* BRIEF
Retype, exactly as they stand, the lines from the start of the data to the line that contains "7月19日,安徽六安市金安区皋城路消防救援站消防员马昌杰在金安区双河镇曹堰村救援现场转移村民。新华社记者 朱青 摄", both ends included. Leave the pictures out.

* SUPPLIED INFORMATION
*** Begin section ***

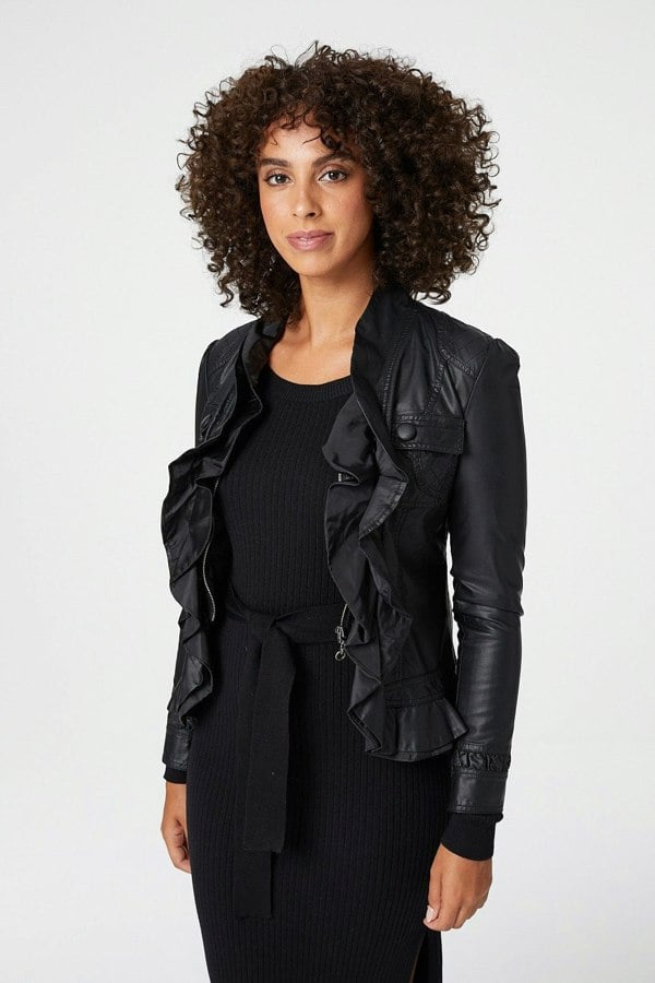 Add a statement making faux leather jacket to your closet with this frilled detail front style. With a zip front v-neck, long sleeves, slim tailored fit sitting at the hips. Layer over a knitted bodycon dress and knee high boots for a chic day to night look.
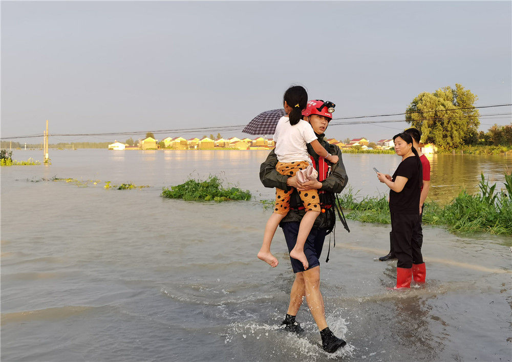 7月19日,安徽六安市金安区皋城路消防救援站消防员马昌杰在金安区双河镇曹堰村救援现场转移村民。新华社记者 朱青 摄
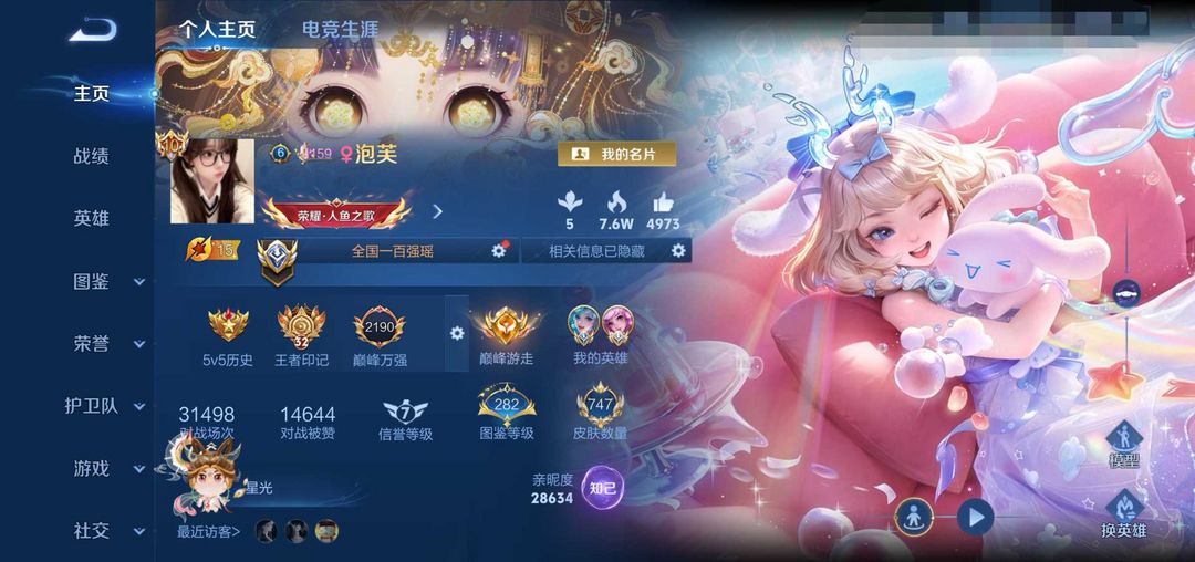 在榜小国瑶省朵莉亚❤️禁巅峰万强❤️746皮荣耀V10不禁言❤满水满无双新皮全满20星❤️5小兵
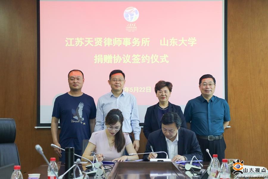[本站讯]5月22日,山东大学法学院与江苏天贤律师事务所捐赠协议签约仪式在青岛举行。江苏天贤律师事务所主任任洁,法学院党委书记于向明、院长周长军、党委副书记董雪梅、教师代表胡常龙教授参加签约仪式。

*** End section ***

* REPLY TO THE TASK
 Add a statement making faux leather jacket to your closet with this frilled detail front style. With a zip front v-neck, long sleeves, slim tailored fit sitting at the hips. Layer over a knitted bodycon dress and knee high boots for a chic day to night look.
 7月19日,安徽六安市金安区皋城路消防救援站消防员马昌杰在金安区双河镇曹堰村救援现场转移村民。新华社记者 朱青 摄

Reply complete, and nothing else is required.